In terms of a platform/SDK, then 100% Stripe. Their documentation experience, plus the TONS of examples and articles to read always leaves me super happy to work with them. I really wish most platforms/SDKs would put that type of effort in their documentation/examples.
Rust. They had me at comments being compiled and running inline example code. Among all the other nice things the language has to offer, this one stood out as a wow factor big time.
Those who say Ruby is simple have never met Scheme.
Redux Saga, the middleware that turns anarchy into dictatorship in Redux. I would put this first...
As for languages Javascript never ceised to amaze me, every ES proposals, releases, new features, you name it...
Preferred library, React.
For tools, CMake changed my life. Building a project, deploying it, running tests... has been made so easy. I'm now putting CMakeLists everywhere, the only downside is their documentation which I find very unhelpful.
For editors, I would say Visual Studio Code: so many great shortcuts, extensions, themes (thanks god, my eyes can finally rest on a nice dark theme).
For languages, even if it has downsides, I'm still in love with C++. Metaprogramming is really cool, a lot of things to look at to optimize your program (the best part, otherwise I would have been coding in Scheme for their fabulous macros/metaprogramming for a long time).
Svelte JavaScript Framework!
I think that I'll always be enamored by Python.
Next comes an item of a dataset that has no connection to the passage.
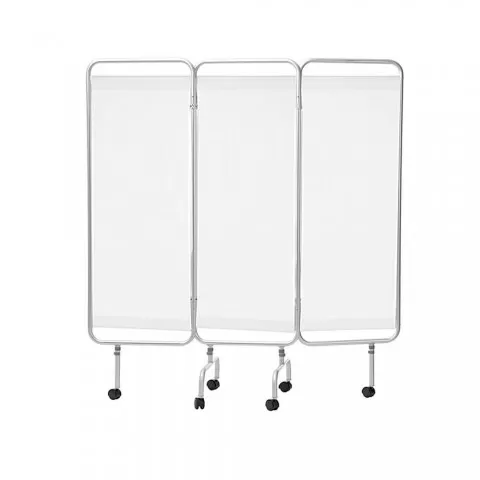 Paravan cu trei segmente pe cadru din aluminiu - MO411A Produs conceput pentru utilizare în medii medicale și de îngrijire, cu accent pe funcționalitate și utilizare practică. Realizat pe structura tubulara din aluminiu. Perdele din plastic cu trei segmente, lavabile, ignifuge. Paravanul este mobil...
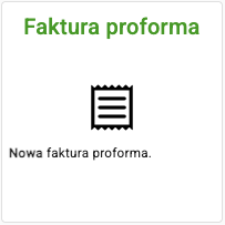 ![]() | Utwórz nową fakturę proforma. Po jej zatwierdzeniu będziesz mógł przesłać proformę do kontrahenta. Faktura proforma nie będzie rejestrowana w KSeF to raczej sposób na sformalizowanie umowy sprzedaży z kontrahentem i wskazanie mu kwot i rachunku do opłaty twojego świadczenia. Fakturę VAT wystawisz pewnie po otrzymaniu zapłaty lub zaliczki. |

The ability to pull powerful scripts together in just a few lines of code is really amazing to me.
I'd say Ruby in terms of a simple and expressive language.
I'd say Meteor as a small, but awesome way to develop web applications.
Gohugo
It's so good.
Rust + Cargo. I am simply floored by the thought that the Rust team has put into the tooling.
Ruby - pure simplicity.
Enough said.
For me, it is Asp.Net Core, with Razor Pages raised my interest in 2019. Since, I learned it and wrote some nice web apps.
Elm. The error message quality of the compiler is to this day only matched by Rust. That's my gate-way drug into Haskell.
Ruby.
I can do so much with less amount of code. It's Truly made for developer's happiness.
Dotnet core and the merger of Microsoft and github opened my eyes. It's a beautiful experience.
Zeit Now + NextJS. Specially now with the latest release, its b e a utiful. From start project to CI in no time.
Language: C
Library: Laravel Collection Api or RxJava
Tool: Neovim
Next.js resources and documentation
Vscode
Netlify
This is all I can remember for now
Elixir.
The docs/guides are second to none.
Next.js
JQuery for sure. It made some js concepts understandable for me.